Aujourd’hui les grandes décisions ne se prennent plus
dans les enceintes parlementaires, au parlement,
au Palais Bourbon ou au congrès américain,
mais c’est la bourse, c’est le NASDAQ, le CAC40
qui prennent les décisions et les autorités politiques
sont obligées de suivre. Donc à ce niveau,
la mondialisation remet en cause
la centralité de l’Etat comme acteur principal
des relations internationales.
Maintenant pour le deuxième point,
c’est-à-dire l’approche libérale,
comment la mondialisation
remet en cause la théorie libérale
en relations internationales ?
La théorie libérale donc postule que,
même s’ils acceptent avec les réalistes
que les Etats sont en compétition,
ils pensent que cette compétition peut être pacifique
lorsque les Etats sont démocratiques
et sont dans une situation
d’interdépendance économique.
Donc la dimension économique est importante,
la coopération est importante,
les Etats ne sont pas toujours en guerre,
mais ils peuvent toujours aussi coopérer,
et dans le cadre de cette coopération-là
il y a des Etats qui peuvent gagner
et également d’autres qui peuvent perdre.
Un auteur par exemple comme David Mitrany
qui est un fonctionnaliste donc du courant libéral
pense que puisque les affaires hautement politiques
posent problèmes, il faut commencer la coopération
par des domaines à contenus non politiques, qui sont techniques.
Et cela a donné naissance
aux premières organisations internationales.
Les premières organisations internationales
ont été créées sur la base de domaines techniques.

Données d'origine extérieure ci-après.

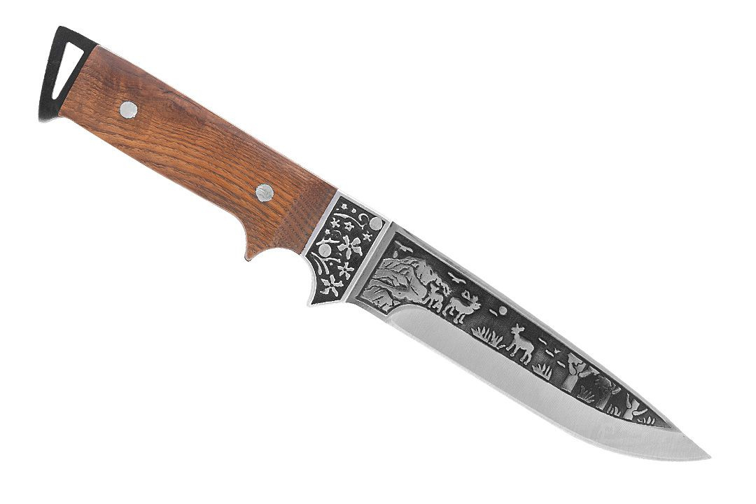 Čepel: Vyrobena z vysoce kvalitní nerezové oceli 440 a zdobena detailní rytinou jelena v lesní krajině.
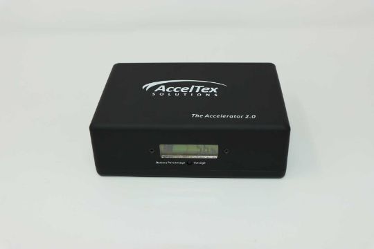 An AccelTex The Accelerator 2.0 Site Survey Battery Pack with carry case, 2.1mm male-to-male connector (12V output), USB-C male-to-male cable, and storage case (No wall charger included, some cosmetic damage to stoage case).

Par exemple, la gestion d’un cours d’eau,
le Rhin par exemple, la Commission européenne
a été construite à partir
de la Communauté économique du charbon et de l’Acier,
donc puisque ce sont des domaines techniques,
les enjeux politiques sont moins forts,
les Etats vont réussir à coopérer.
Et à force qu’ils coopèrent ils vont convaincre
les autres Etats que la coopération peut produire des gains
et les citoyens se rendant compte
de ces services publics internationaux
qui leurs sont utiles vont, de plus en plus
accepter la marche vers cette direction.
Maintenant en quoi la mondialisation
remet en cause la théorie libérale ?
La théorie libérale qui est inspirée
quelque part du libéralisme classique,
pense que donc, avec les progrès,
les échanges et le commerce,
il y aura un enrichissement des nations
et une réduction des inégalités dans le monde.
Mais la mondialisation apporte le contraire,
le monde n’a jamais été aussi riche,
chaque jour il y a plus de 1 500
milliards de dollars américains qui circulent
dans les marchés financiers
mais le monde n’a jamais été aussi pauvre.
D’après la FAO, le Fonds des Nations Unies
pour l’alimentation et l’agriculture, par exemple,
chaque jour il y a plus de 800 millions de personnes
qui souffrent de malnutrition,
alors que l’agriculture mondiale,
au niveau de sa productivité actuelle
peut nourrir le double de l’humanité,
c’est-à-dire plus de 12 milliards d’êtres humains.